Eye tracking will enable AR developers to provide focused rendering to their users. AR applications with eye tracking integration can show overlays only for the area the user is staring at, and hide the rest of the AR objects or make them semi-transparent to avoid blocking the user’s vision.
For instance, doctors or medics wearing smart glasses will be able to see the vital signs of patients only when they direct their gaze at them as opposed to seeing a bunch of figures floating in the corner of their field of vision all the time. Likewise, an AR application for watching sports will display the full stats of players when the user looks at them, and fade them when the user’s gaze drifts away.
Focused rendering is the AR equivalent of VR’s foveated rendering.
A more interactive experience
When knowing where the user is looking, AR and VR applications can provide a richer experience. For instance, in VR gaming, characters can react when the player makes eye contact or when they stare at sensitive locations, such as a character’s purse. In multiuser VR environments, avatars will be able to reflect users’ gazes as opposed to looking like zombies with blank stares.
In AR applications, overlay objects will be able to react to the user’s gaze, such as becoming animated, performing functions or altering their visibility status.
Another problem that being able to interact with the virtual environment through eye movements solves is that of controllers. Due to the limited field of view of current headsets, hand controllers require users to keep their hands outstretched to become visible in the display. This can cause cramps and fatigue in long periods of use. Eye tracking can give users a second medium to interact with VR and AR environments, minimizing the need for hand controllers.
Less physical and eye strain on the user
In real life, we can change the direction of our view by moving our eyes sideways or vertically. But in AR and VR headsets that don’t have eye tracking capability, users must move their entire heads to shift their view. This puts a lot of strain on the neck of users, especially as they have to support the weight of the headsets as well as constantly tilt their heads in different directions.
This can become an issue in work conditions, where users have to wear the headsets for long periods, and in fast-paced gaming action, where users constantly have to look in different directions.
Moreover, the lack of sync between the graphics the eye movements can create artifacts that will make the user uncomfortable.
Adding eye tracking to AR and VR headsets will make sure that users get as natural an experience as they can. Consequently, they’ll be able to use the headsets for longer periods and suffer less strain on the head and neck.
Valuable eye data
Eye tracking devices generate a lot of valuable data about the eye movements of users. For instance, in medical and educational AR and VR applications, eye tracking can help spot pain points and help direct users’ attention where it matters.
Eye tracking data also has analytical value and help application developers obtain valuable insights about how users view and interact with the virtual environments of AR and VR applications.

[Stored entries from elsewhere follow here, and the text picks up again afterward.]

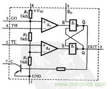 【導讀】首先介紹下555的內部電路電路結構,如下,其中,三極管起控制作用,A1為反向比較器,A2為同向比較器,比較器的基準電壓由電源電壓+Vcc及內部電阻的分壓比決定。RS觸發器具有復位控制功能,可控制三極管的導通與截止。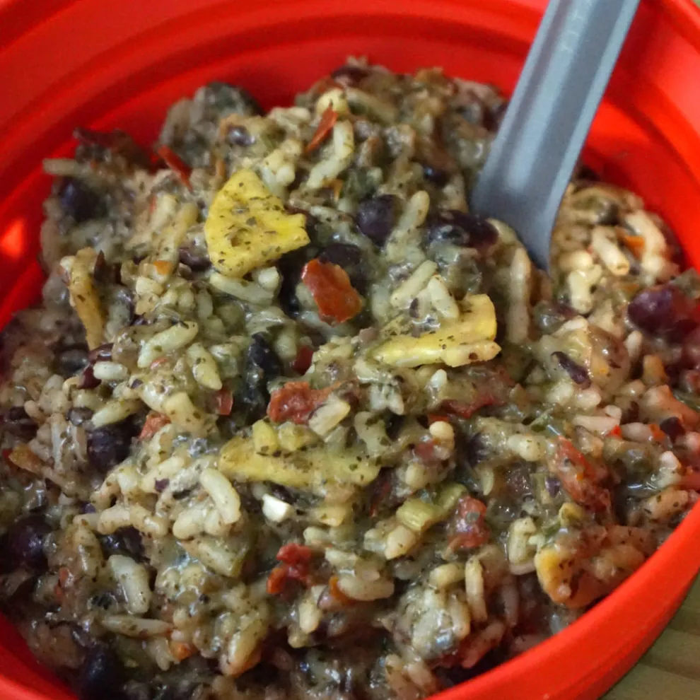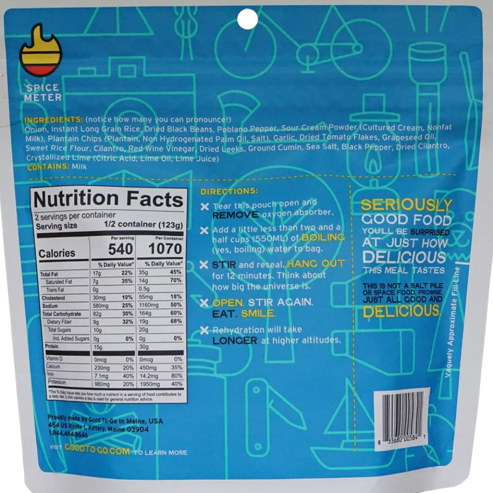 Cuban food to go? You bet. Big, bold flavors with a balanced spice take this rice bowl to new heights. The combination of rice and beans creates a complete proteinproviding you with the all the amino acids you need to go that extra mile. While this meal is vegetarian, even the hungriest of carnivores will appreciate the 15g of protein per serving, or 30g if you prefer a double serving. Garlic crema sauce and plantains create unique flavors you’ll find in no other camp meal.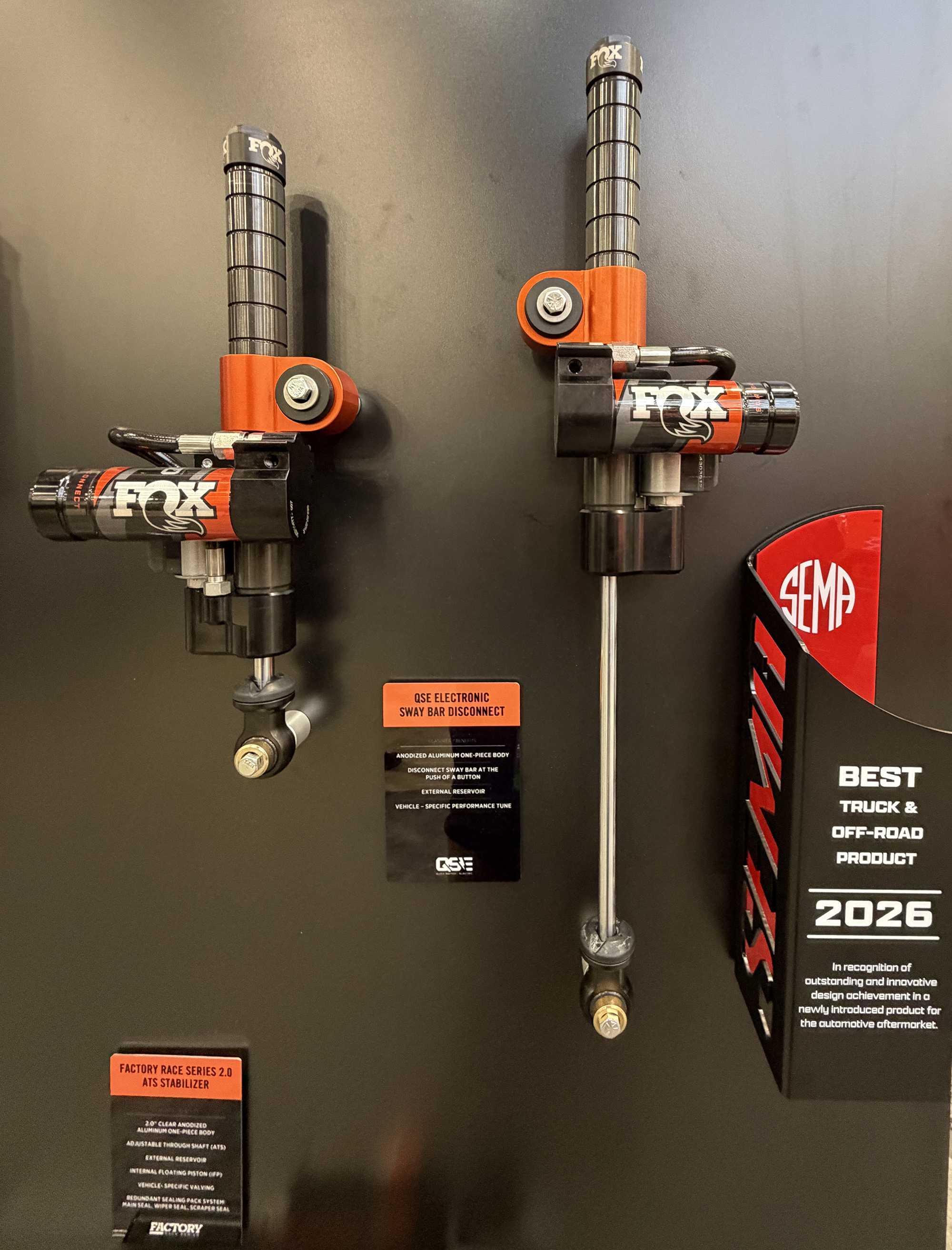 Fox says the product’s digressive tune will provide excellent stability while the sway bar is disconnected. At the same time, one-piece aluminum spherical bearings, along with their machined aluminum body and chrome shaft, will offer superior durability and corrosion resistance.
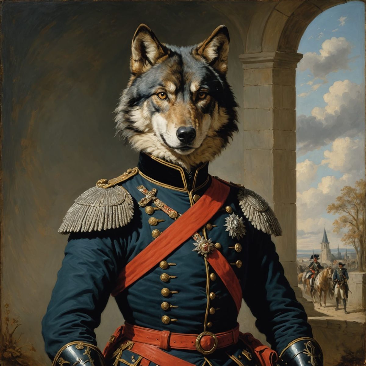 This AI-generated image depicts a wolf dressed as a French Hussar, complete with a distinctive bearskin hat. The portrait captures a unique military-themed character.

However, one important consideration is the invasive uses of eye tracking data. Advertisers would want to access the information in order to optimize ad placements, which can become annoying if used aggressively.
Eye tracking data also brings along privacy concerns. Users might not want some cloud server store information about where their gaze lingers and what objects they like to stare at. That’s why developers should explicitly ask users for permission before collecting data from eye tracking devices .
The future of AR and VR
There are already several manufacturers that are integrating eye tracking technology into their future AR and VR headsets. We’re also seeing new mobile devices that come packed with eye tracking capability, which will help provide the same capabilities for mobile AR and VR headsets.
The AR/VR industry is still nascent (at least this iteration of headsets is still in its early stages), and it will undergo a lot of change down the road. Eye tracking integration is just the beginning.